WHAT THE TASK ASKS
Only an exact copy belongs in the answer: the line with "正面为其文化的象征——笔墨纸" and every line after it through the end of the records, pictures left out.

Records from a dataset
───
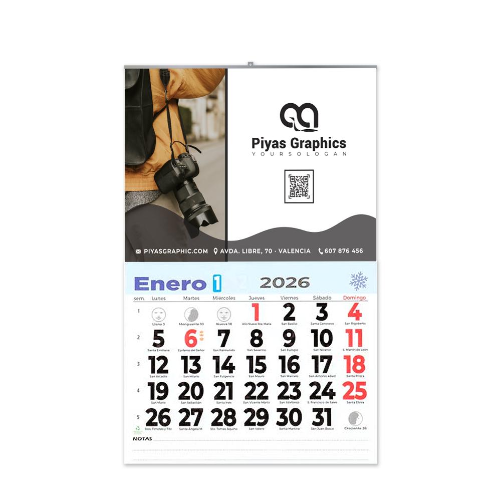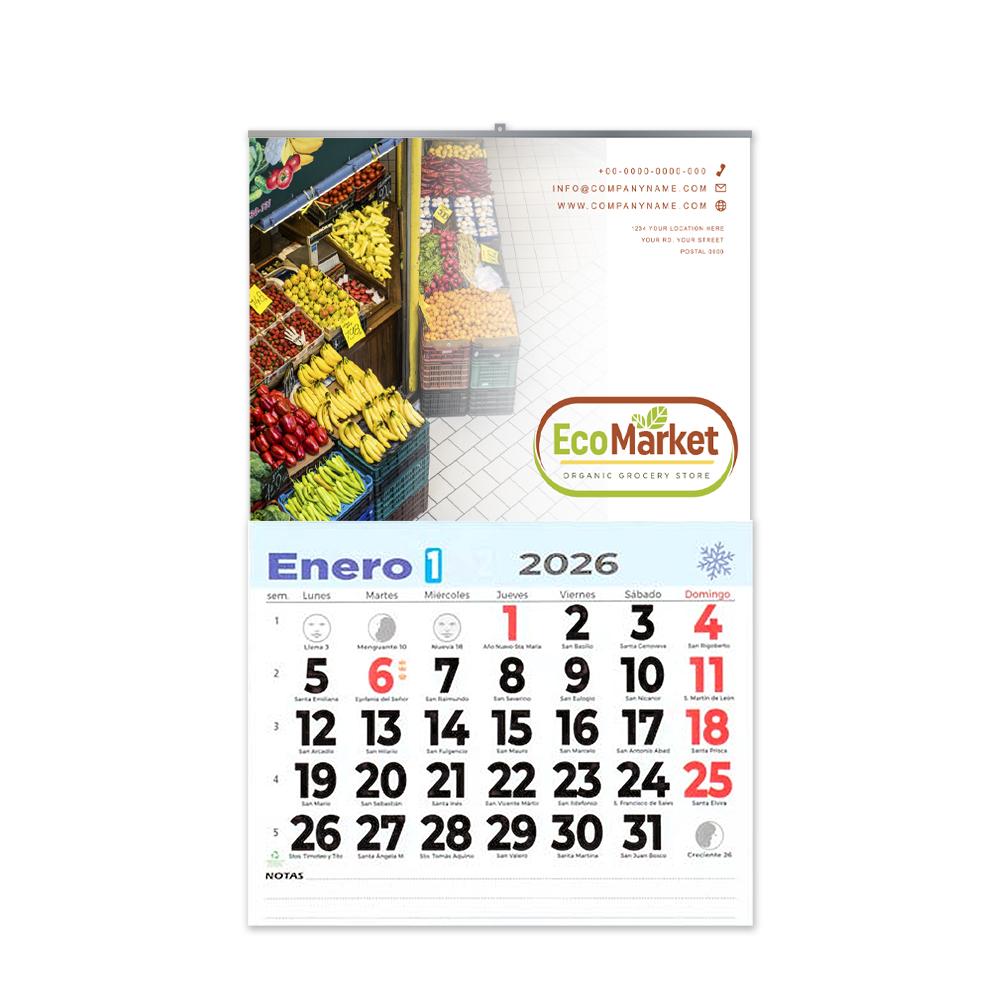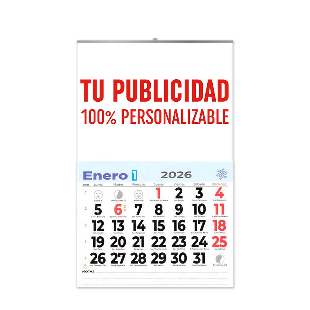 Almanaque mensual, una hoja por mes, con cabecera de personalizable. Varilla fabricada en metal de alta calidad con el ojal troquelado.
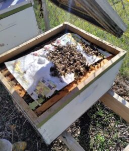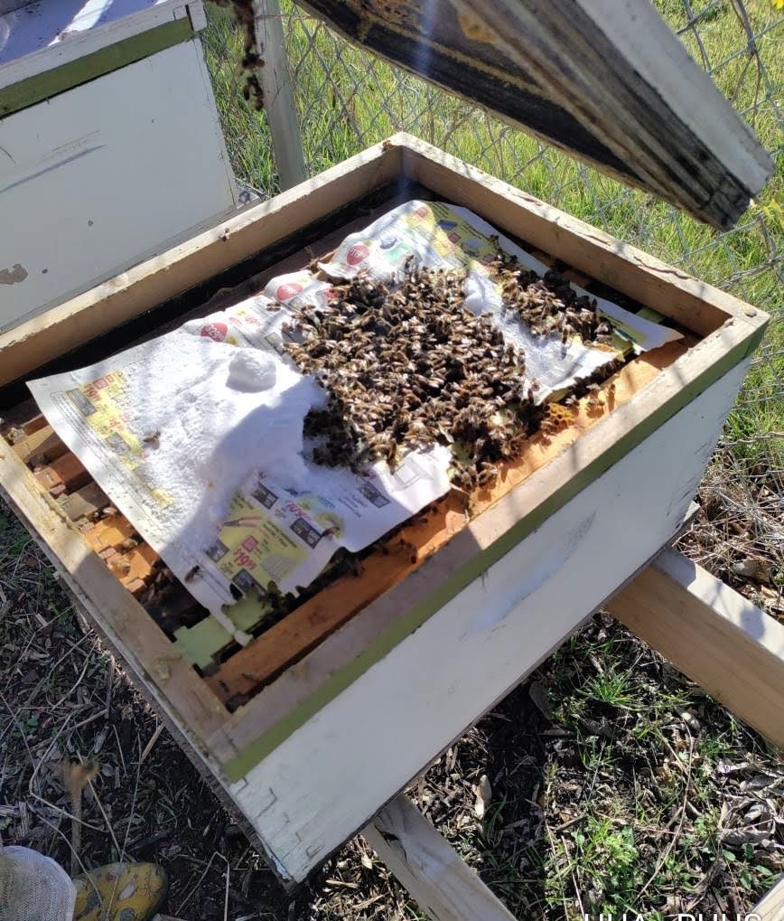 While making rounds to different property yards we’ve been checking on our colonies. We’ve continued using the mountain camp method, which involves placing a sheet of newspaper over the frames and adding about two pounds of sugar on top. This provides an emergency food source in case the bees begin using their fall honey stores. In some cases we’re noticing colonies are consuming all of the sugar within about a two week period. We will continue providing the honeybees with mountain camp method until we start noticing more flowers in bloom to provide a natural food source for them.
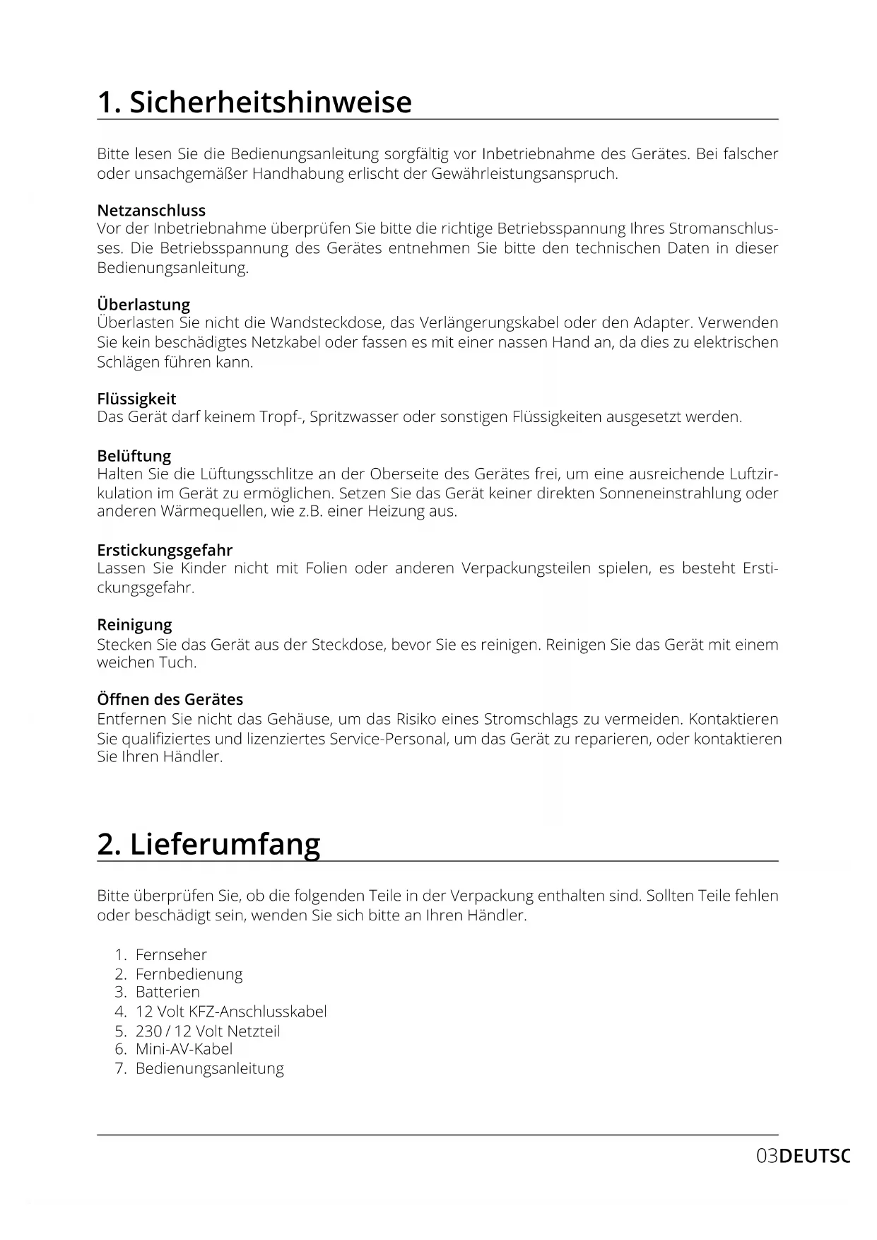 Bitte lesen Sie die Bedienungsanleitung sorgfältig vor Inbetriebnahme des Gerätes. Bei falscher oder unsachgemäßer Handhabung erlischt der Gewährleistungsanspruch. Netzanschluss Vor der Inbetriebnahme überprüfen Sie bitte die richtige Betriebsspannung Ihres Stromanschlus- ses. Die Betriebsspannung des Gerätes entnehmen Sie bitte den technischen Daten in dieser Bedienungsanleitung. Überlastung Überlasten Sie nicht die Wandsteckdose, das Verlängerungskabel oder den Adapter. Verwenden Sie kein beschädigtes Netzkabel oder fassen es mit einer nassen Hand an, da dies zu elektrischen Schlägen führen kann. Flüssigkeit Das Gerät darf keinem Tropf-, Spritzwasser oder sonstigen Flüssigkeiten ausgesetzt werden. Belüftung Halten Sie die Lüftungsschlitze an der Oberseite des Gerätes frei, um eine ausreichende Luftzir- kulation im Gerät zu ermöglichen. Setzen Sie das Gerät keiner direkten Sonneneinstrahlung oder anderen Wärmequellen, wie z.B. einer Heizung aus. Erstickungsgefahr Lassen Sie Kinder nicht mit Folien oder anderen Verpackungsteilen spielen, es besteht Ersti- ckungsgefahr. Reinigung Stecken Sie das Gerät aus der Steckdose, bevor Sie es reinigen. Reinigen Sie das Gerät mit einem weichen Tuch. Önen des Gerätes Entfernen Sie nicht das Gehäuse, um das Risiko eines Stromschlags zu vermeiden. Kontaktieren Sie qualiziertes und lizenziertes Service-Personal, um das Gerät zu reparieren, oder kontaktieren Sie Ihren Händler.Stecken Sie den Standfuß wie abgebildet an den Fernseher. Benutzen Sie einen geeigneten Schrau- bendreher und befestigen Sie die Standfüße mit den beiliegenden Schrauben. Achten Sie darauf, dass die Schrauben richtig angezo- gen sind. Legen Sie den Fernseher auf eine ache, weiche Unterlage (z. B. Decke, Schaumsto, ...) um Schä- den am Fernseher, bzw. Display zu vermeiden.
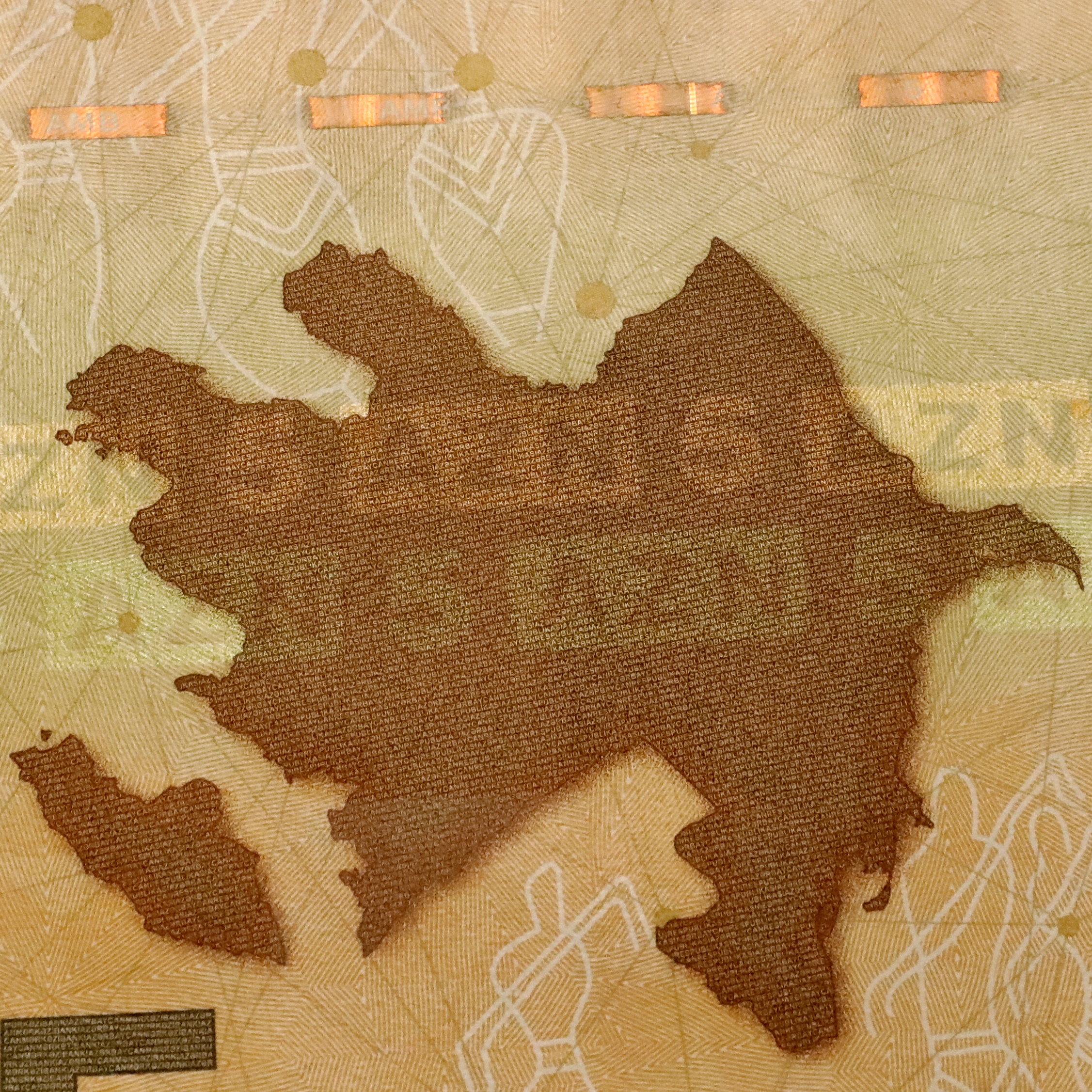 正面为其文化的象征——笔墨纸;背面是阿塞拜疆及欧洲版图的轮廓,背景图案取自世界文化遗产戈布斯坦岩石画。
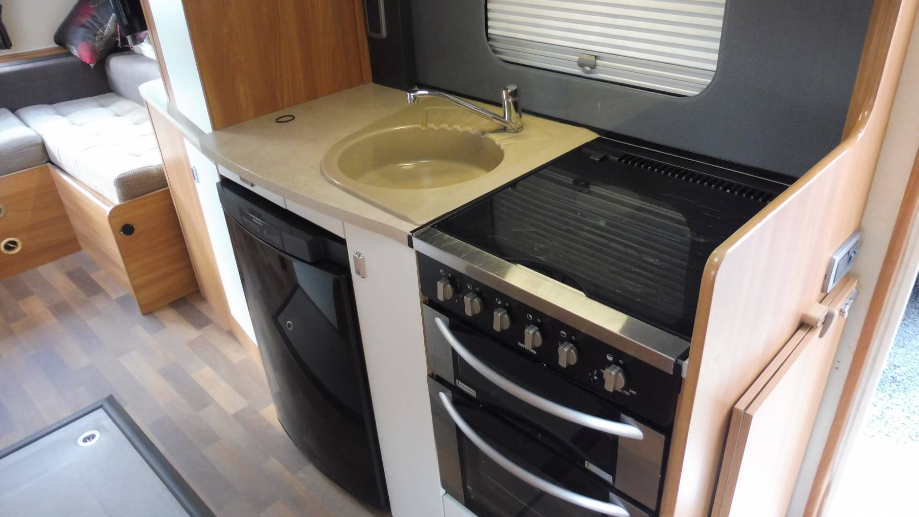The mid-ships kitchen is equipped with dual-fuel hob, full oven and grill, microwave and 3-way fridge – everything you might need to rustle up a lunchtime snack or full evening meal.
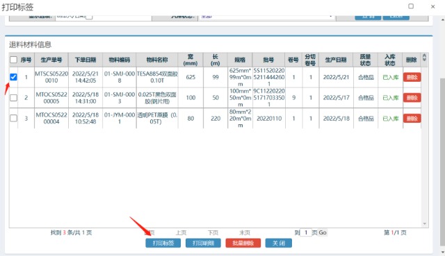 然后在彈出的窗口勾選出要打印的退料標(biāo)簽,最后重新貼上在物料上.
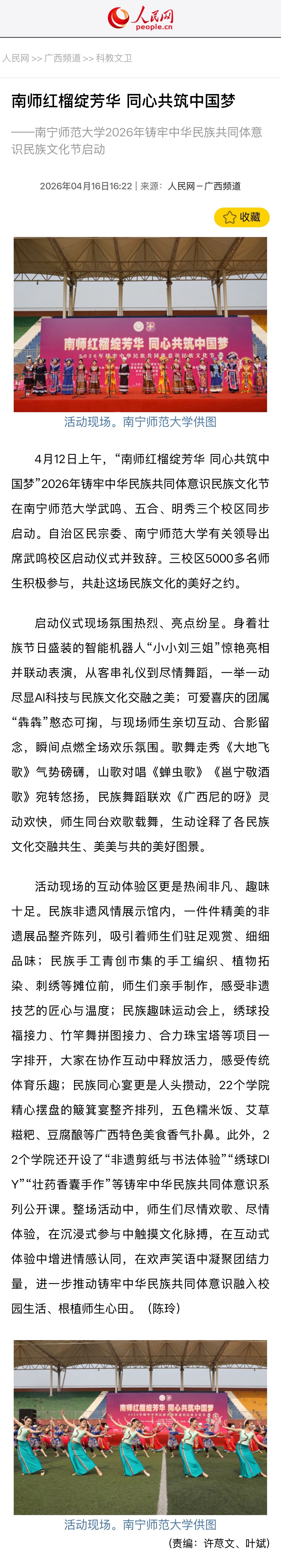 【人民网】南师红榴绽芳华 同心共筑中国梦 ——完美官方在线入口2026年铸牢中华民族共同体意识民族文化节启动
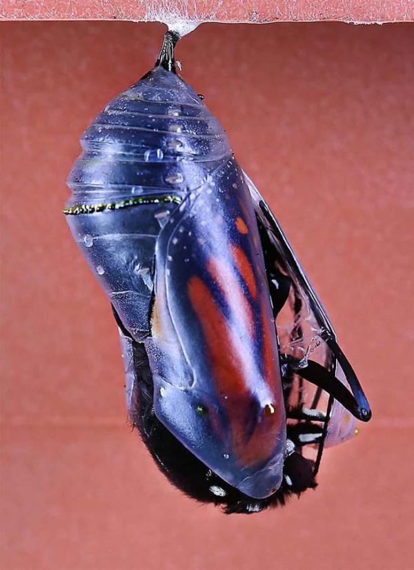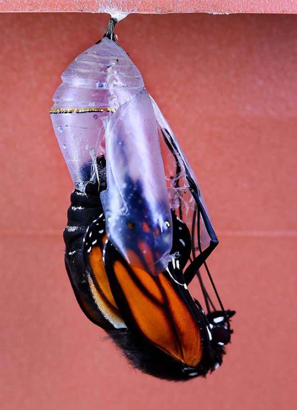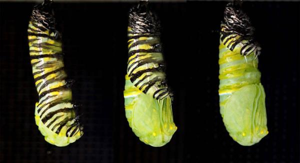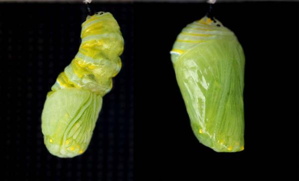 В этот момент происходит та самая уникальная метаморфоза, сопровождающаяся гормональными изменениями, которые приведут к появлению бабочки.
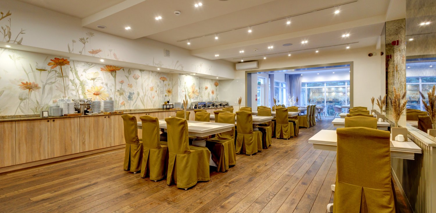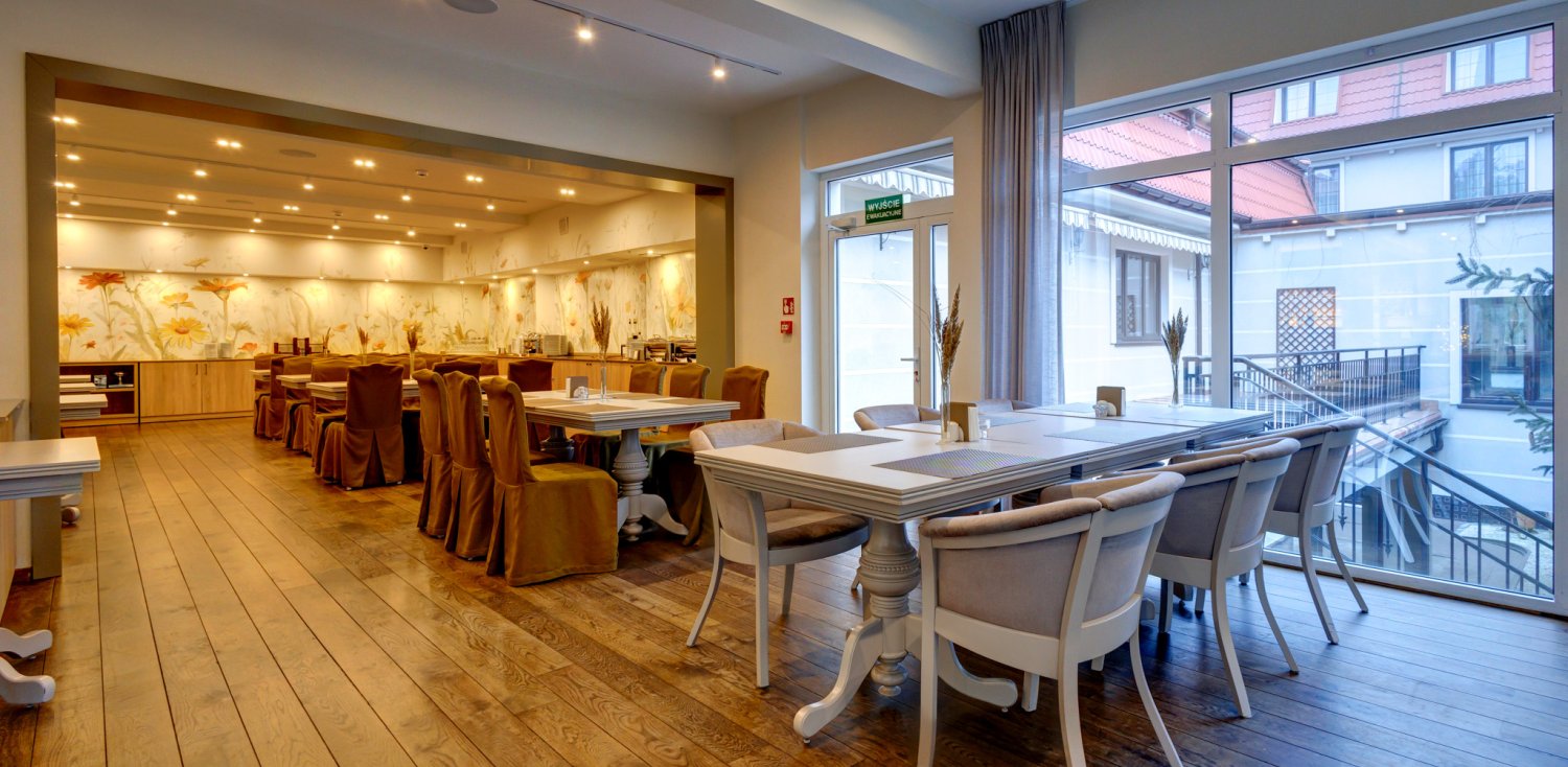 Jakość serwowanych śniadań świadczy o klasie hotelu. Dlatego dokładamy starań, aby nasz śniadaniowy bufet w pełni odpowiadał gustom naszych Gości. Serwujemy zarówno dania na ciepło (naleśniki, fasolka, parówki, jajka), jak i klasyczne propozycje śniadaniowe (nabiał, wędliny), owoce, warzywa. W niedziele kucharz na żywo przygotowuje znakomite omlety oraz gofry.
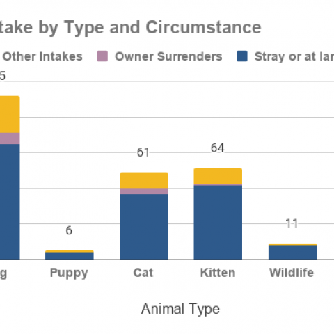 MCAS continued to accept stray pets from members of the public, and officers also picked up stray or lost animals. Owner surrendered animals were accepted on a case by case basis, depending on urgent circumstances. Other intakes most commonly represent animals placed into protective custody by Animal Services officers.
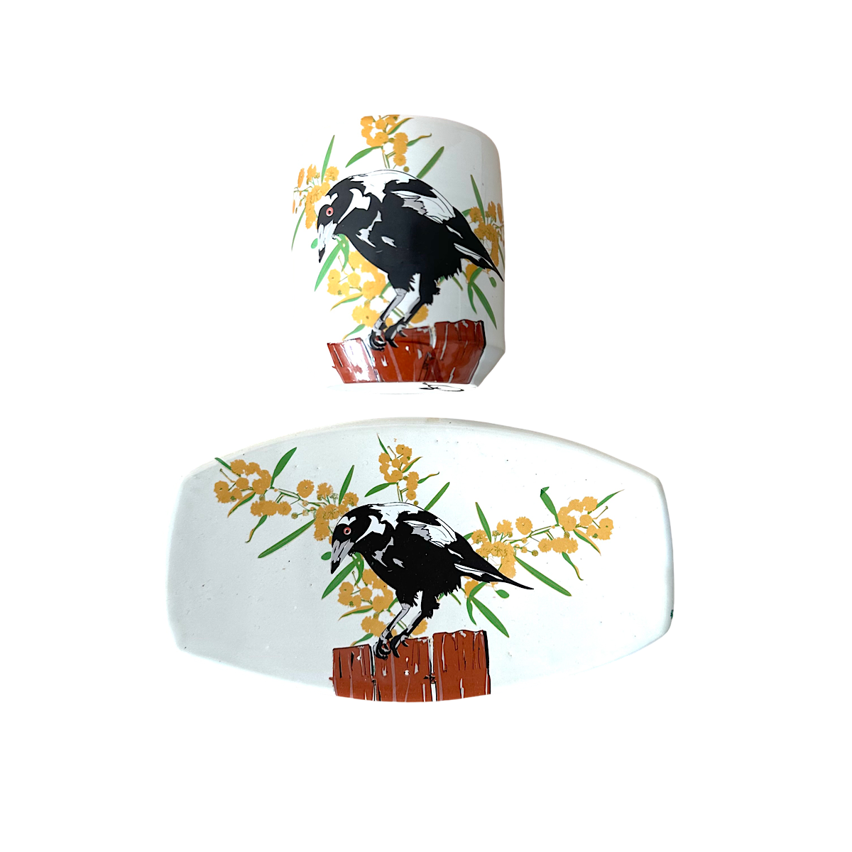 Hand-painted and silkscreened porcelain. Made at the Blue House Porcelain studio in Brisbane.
───
REPLY TO THE EXERCISE
 正面为其文化的象征——笔墨纸;背面是阿塞拜疆及欧洲版图的轮廓,背景图案取自世界文化遗产戈布斯坦岩石画。
The mid-ships kitchen is equipped with dual-fuel hob, full oven and grill, microwave and 3-way fridge – everything you might need to rustle up a lunchtime snack or full evening meal.
 然后在彈出的窗口勾選出要打印的退料標(biāo)簽,最后重新貼上在物料上.
 【人民网】南师红榴绽芳华 同心共筑中国梦 ——完美官方在线入口2026年铸牢中华民族共同体意识民族文化节启动
 В этот момент происходит та самая уникальная метаморфоза, сопровождающаяся гормональными изменениями, которые приведут к появлению бабочки.
 Jakość serwowanych śniadań świadczy o klasie hotelu. Dlatego dokładamy starań, aby nasz śniadaniowy bufet w pełni odpowiadał gustom naszych Gości. Serwujemy zarówno dania na ciepło (naleśniki, fasolka, parówki, jajka), jak i klasyczne propozycje śniadaniowe (nabiał, wędliny), owoce, warzywa. W niedziele kucharz na żywo przygotowuje znakomite omlety oraz gofry.
 MCAS continued to accept stray pets from members of the public, and officers also picked up stray or lost animals. Owner surrendered animals were accepted on a case by case basis, depending on urgent circumstances. Other intakes most commonly represent animals placed into protective custody by Animal Services officers.
 Hand-painted and silkscreened porcelain. Made at the Blue House Porcelain studio in Brisbane.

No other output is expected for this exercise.